[Services-wg] ARIN Services WG - CKN23 materials for your consideration
John Curran
jcurran at arin.net
Tue Jun 14 16:40:45 EDT 2016
On Jun 14, 2016, at 2:27 PM, David R Huberman <daveid at panix.com<mailto:daveid at panix.com>> wrote:
John,
Thank you for the reply. You wrote:
Actually, this issue has originated not with staff, but from a significant
number of folks who have found themselves no longer able to update
the DNS servers (or origin AS) for a legacy network block, either though
they were the original technical contact.
Wait. That's by design, isn't it?
If Block X is registered to Company Y, then any authorized employee of Company Y can update the rDNS or origin_AS through normal channels. Anyone complaining they _can't_ update is *possibly* unauthorized (and therefore should go through ARIN's procedures). Right?
David -
Slightly more convoluted case (and obviously this is predominantly an
issue with legacy address blocks that have been long ignored…)

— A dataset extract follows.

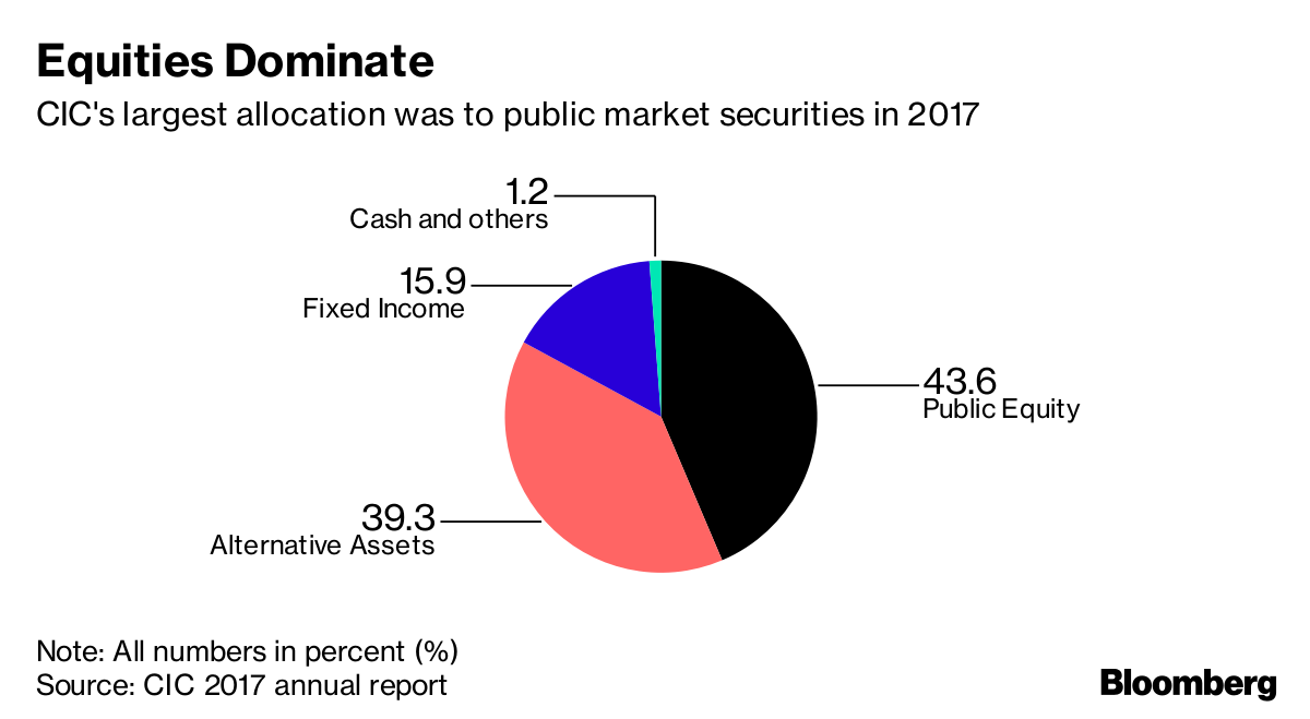 Public equities fell to 43.6 percent of CIC’s overseas portfolio as of Dec. 31, from 45.9 percent a year earlier, according to the annual report. Alternative investments, which include real estate and hedge funds, rose to 39.3 percent from 37.2 percent.

Jim Smith gets an /24 for his networking company “Sprockets” in 1994,
so that he can connect to the Internet. He gets /24) and connects to
the Internet via one the early commercial ISPs.
The netblock reads as follows:
Sprockets
4131 El Camino Real, Palo Alta CA
X.Y.Z/24
Jim Smith
jim at well.com<mailto:jim at well.com>
Apparently, Jim left Sprockets sometime in the late 90’s…
Twenty years later, Jim has called and is very upset with ARIN for having
“munged it" all up -
1) The organization field is set to “Sprockets”, not him.
2) The Admin Contact for the organization says CKN-23
3) While he would swear he was the tech contact on the Sprockets org
(he still has his Well email and updated the DNS servers around 2005
to a friend’s DNS server), but for for some reason it now says CKN-23
for Tech Contact and he can’t regain control of the Sprockets org record.
4) He is now listed only as the Abuse contact.
Jim’s not a happy camper, and wants to know why ARIN disassociated him
with his address block randomly sometime after 2010. Jim says that he’s
been been using the address block for his house since leaving Sprockets
(no public IP, but he just uses NAT and connects via his public cable modem
IP address.)
ARIN has very much has disassociated him from the address block, and
actually may not let him recover the IP address block until he’s recovered
Sprockets. Sprockets may have melted down, been sold, etc. and it is not
clear that Jim has any paperwork that covers his exit, use of the IP block,
or anything that happened to Sprockets. Because we no longer allow him
as a abuse contact to update the DNS servers, he can’t even use “his” IP
block now that he’s getting a nice new Internet connection.
Does that help clarify the typical concern that we’re hearing from some legacy
address holders over our CKN23 database changes over the years?